In 2007, Kaziah received the Utah Artist’s Guild Humanitarian Award. She sat on stage with others who were being recognized that day. She noticed a large screen behind her and wondered what it was for. Kaziah sat as others on the stage received awards. One lady had donated twenty million dollars to the arts of Utah and was recognized for her gift.

“Now we would like to introduce our next guest,” the master of ceremonies said. The reason for the screen became clear to Kaziah. They played the video a news program had done about Project Compassion. Kaziah stood. The crowd rose to their feet, and Kaziah cried. “I was a blubbering mess,” she told me. When I composed myself, I spoke for five minutes and the crowd stood again, and I cried more. There wasn’t a dry eye in the house. One person told me, ‘Kaziah, what you give is worth more than all the millions that were donated to the arts.”

Kaziah has been awarded the Sword of Loyola, which is symbolic of the Ignatian vision of service and has been selected as Saint Louis University’s highest honor for individual achievement. The Sword of Ignatius Loyola Award is given to those who have given of themselves to humankind for the greater glory of God.

Previous recipients of the award include U.S. President Harry S. Truman, entertainer Bob Hope, oceanographer Jacques Cousteau, dancer-choreographer Katherine Dunham, Olympic champion Jackie Joyner Kersee, and more.

A television reporter asked, “What does it mean to receive this award?”

“It’s a beautiful thing to be appreciated, but I don’t care. I just feel a need to do what I do.”

It is said, Kaziah was the most reluctant person they ever considered for the award.

Kaziah’s assistant, Kenna, wrote me:

Kaziah is an amazing woman! I have known Kaziah for going on twelve years now! I live on a farm with my eighty-one-year-old dad and my two children. We are located about 400 yards northeast of Kaziah’s small, log cabin. Project Compassion headquarters is located in the basement of her small art studio/one bed room/office home. That way Project Compassion’s electricity, rental space, etc. can be paid by Kaziah, so that money is saved for what we need it for: MATERIALS! Frames! Etc. Although I have only been with PC for two years, it has been the most gratifying position I have ever held.

Through the years I have known Kaziah—as she bought this little piece of land and lived in a “Tuff Shed” for a while until she could build her own little home. When she moved to this area, she introduced herself to my father. He was living in our old farm home alone and she made arrangements with my dad: she would cook breakfast and dinner for him (clean up after) then, clean my dad’s house for a few hours a day. In return, she would have a room downstairs where she could shower and change her clothes!

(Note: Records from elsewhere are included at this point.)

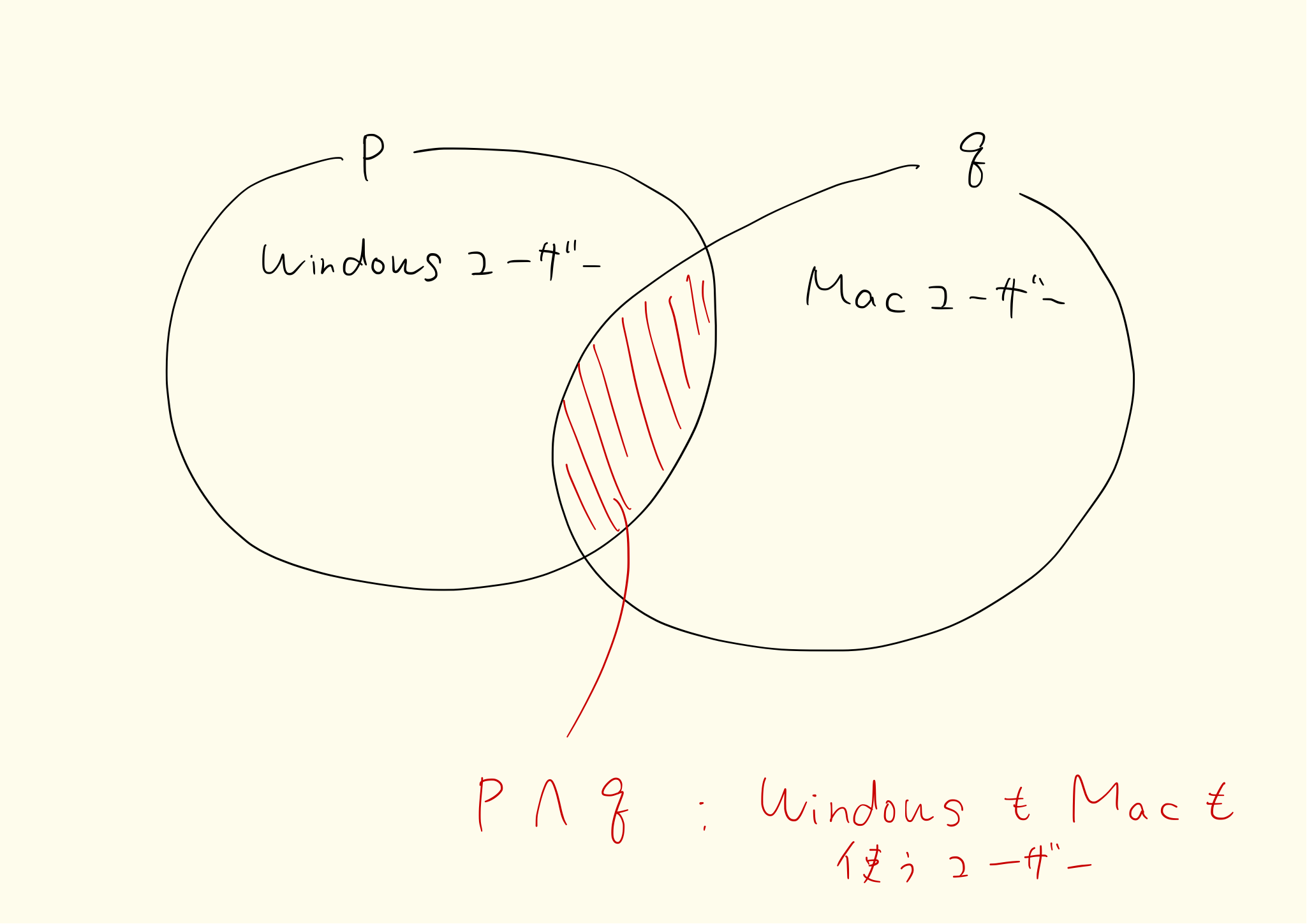 pとqをそれぞれ「Windowsを持っている」「Macを持っている」とします。このときpでない、pかつq、pまたはqは上図のようになります。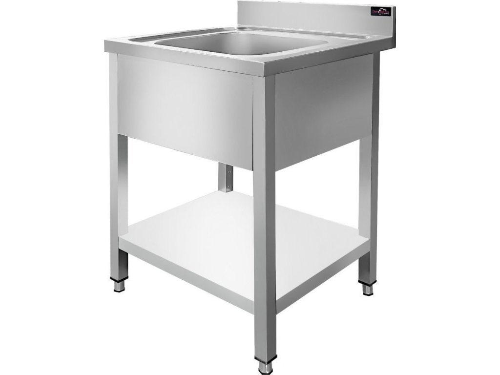 Edelstahlspüle mit unterer Ablage 0,60 m – 1 Spüle, Tiefe 60 cm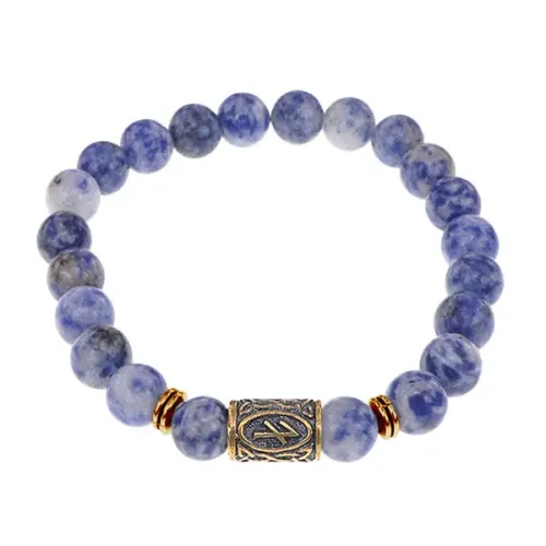Браслет-стрейч со славянской руной Берегиня и бусинами из натурального камня содалит.

About the time Kaziah’s home was completed is when I moved to the farm with my children. And ever since, Kaziah’s and I have been wonderful friends. My father drove a school bus for twenty-four years while he was gone on bus/school trips. I would lamb the sheep and calf the cows! Kaziah, being a goat farmer herself, came to help me when I needed it. One cold winter night, seven of my sheep had their lambs. I was out in the dark, in the blizzard, trying to gather them all up and get them in the barn, to feed and water the mothers and get the newborn lambs warm and up to eat! Kaziah came over without hesitation and helped! Thanks for all!


Project Compassion is a nonprofit and survives solely on donations in order to continue the project. Some links are provided here for information regarding Project Compassion and the Hero Paintings Gallery. Information is provided on the website for donations should you desire to help this project.

A mother’s fear is that her son or daughter will be forgotten. Kaziah makes sure they live on for the parents.